老描逝く

先ほど母が飼っていた猫が亡くなった。15年前にこの猫が我が家にやってきた時、母から「私の方が先に逝くから、その時は世話をしてやってくれ」と言っていたのを思い出す。

実際は母が認知症になってからずっと猫の世話をすることになった。世話といっても毎日キャットフードと水をやり、トイレを清潔にするくらいのいたって簡単なものだった。

ところが、母が亡くなってから1か月ほどして、猫に異常が現れた。ところかまわずオシッコをするようになったのだ。きつく叱ったら、慌ててトイレに這い上がり、しばらくトイレで寝ていた。しかしその後もオシッコやウンチを平気で床の上にするようになった。流石におかしいと思い、観察していると、部屋の中をあっちへうろうろ、こっちへうろうろ歩き回る。もしやと思い、猫の目にライトを当ててみるが反応しない。失明したのだ。

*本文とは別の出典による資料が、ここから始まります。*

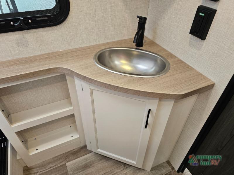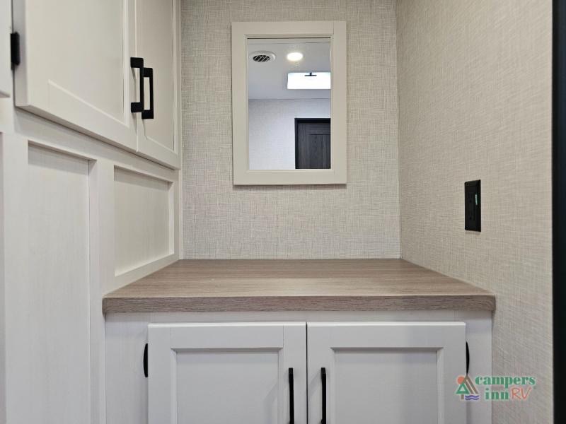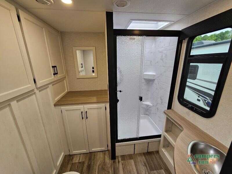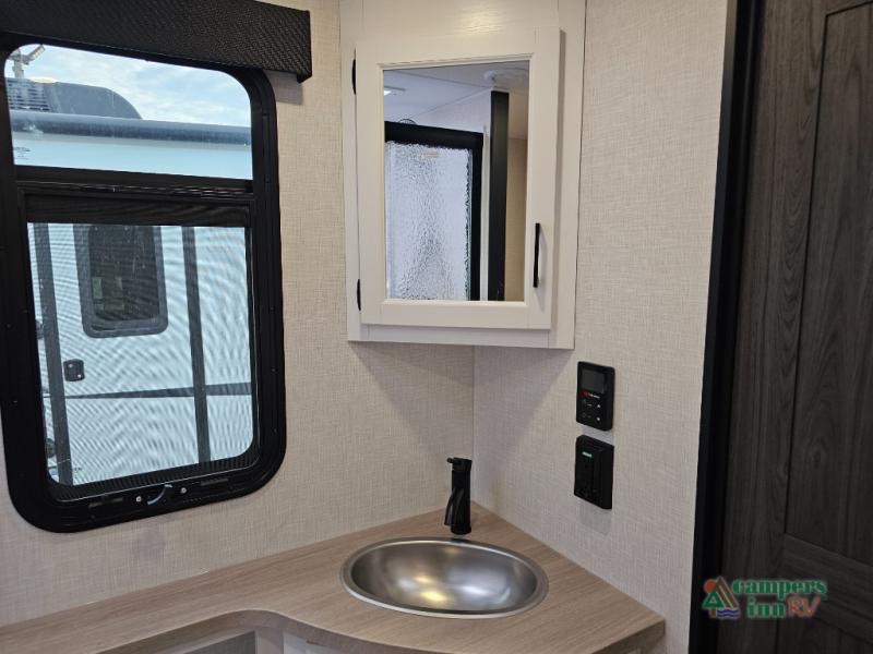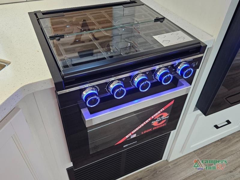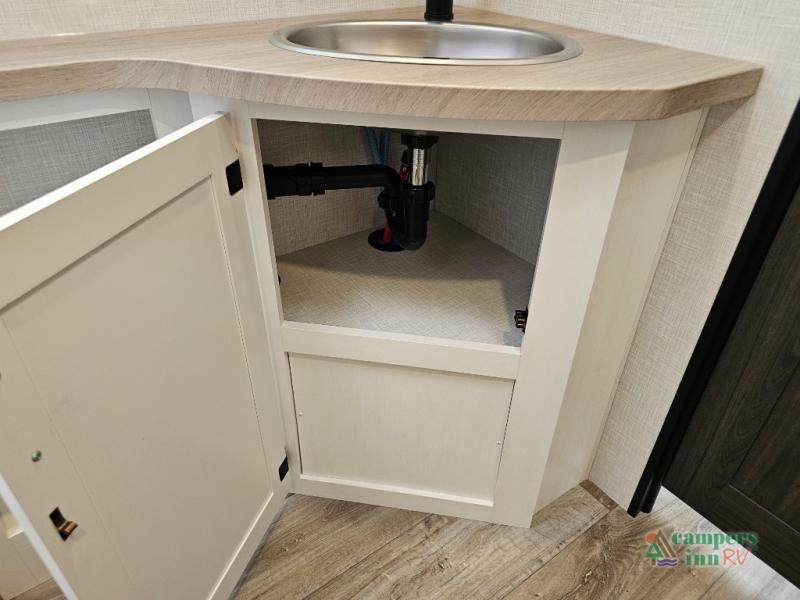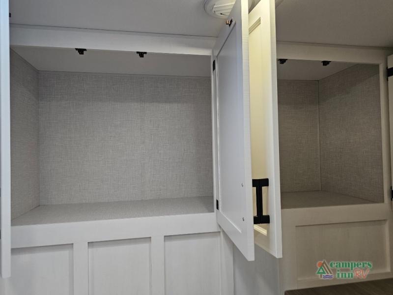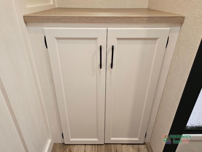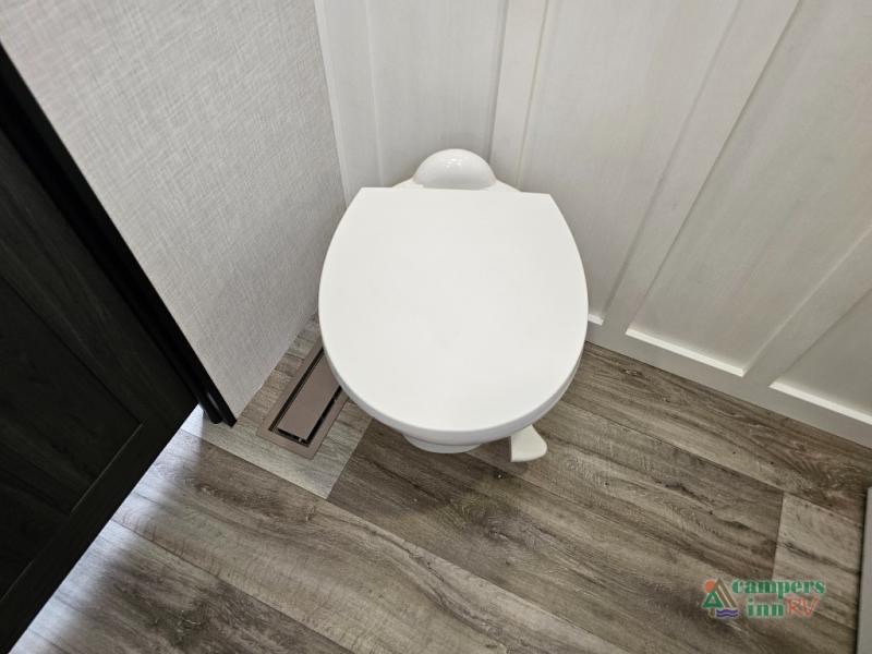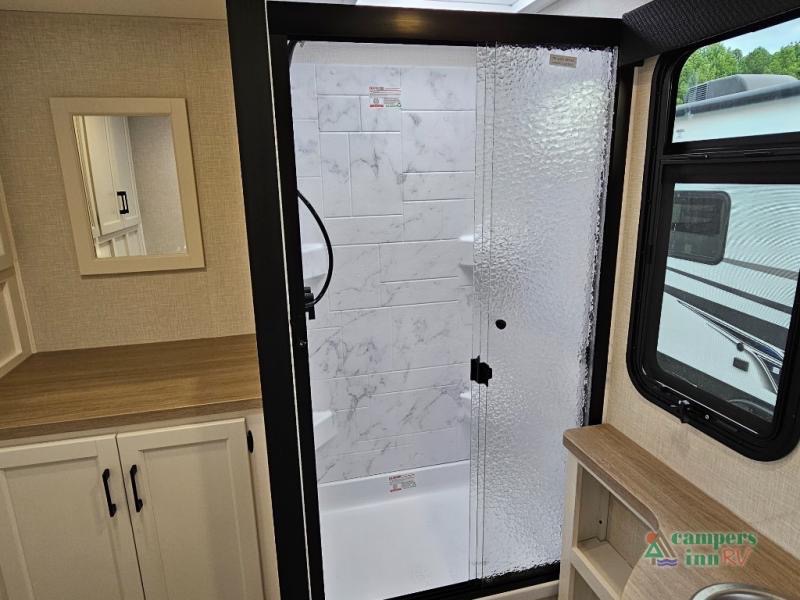 Pack your bags for an adventure of a lifetime with your spouse in this travel trailer! The front private bedroom has a 70" x 80" Sleep Tight king bed slide for more interior space, a dresser with a 30" frameless fireplace and TV, and a window seat to read a book with a view. Freshen up each morning in the rear full bathroom with the 30" x 36" shower, and store your linens in the three door linen closet, then head to the fully equipped kitchen to fry up some eggs on the three burner cooktop. The Sit N' Slide table offers a comfortable place to enjoy your meals, play card games, and even transform into an extra sleeping space. Grab a snack from the walk-in pantry with coat hooks and relax on the 70" tri-fold sofa bed across from the entertainment center with a 30" frameless fireplace!

人間や犬なら、紙おむつをすればいいのだが、猫はそういう訳にはいかない。母の時に使っていた防水シーツを敷いたが、なかなかその上でしてくれない。結局、その都度床を拭いて処分するしかなかった。

母が亡くなった後、やっと遠くの山ものんびり出かけられると思ったが、猫の介護のおかげで無理な日帰りが続くことになった。

夏に入り猫は食欲がなくなり、寝ていることが多くなった。そう長くはないと思っていたが、とうとう逝ってしまった。この大きい家に僕一人を残して…。

明るくなったら、庭の片隅に埋めてやろう。合掌。

この記事へのコメント

鉄五郎
2016年09月16日 00:04
お悔やみ申し上げます。ネコも家族の一員の様子ですね。想い出も深い様子、家族を大切にさていますね。合掌。
ひろろとろろ
2016年09月16日 07:53
我が家の猫は愛想がなく、エサの時だけニャウと鳴く存在感のない猫でした。でもいなくなるとやはり寂しいですね。
Y子
2016年09月16日 13:55
猫ちゃん ご愁傷さまでしたね。
自分が年を重ねていく間に、だんだん周りも寂しくなっていきます。

まだまだ大変なことがあろうかと思いますが、気を落とさないでね。
ひろろとろろ
2016年09月16日 21:12
いずれ身内がすべて亡くなり一人になることは覚悟していました。それに一人暮らしには耐性があるので、何とかなるでしょう。能天気に生きていきますよ。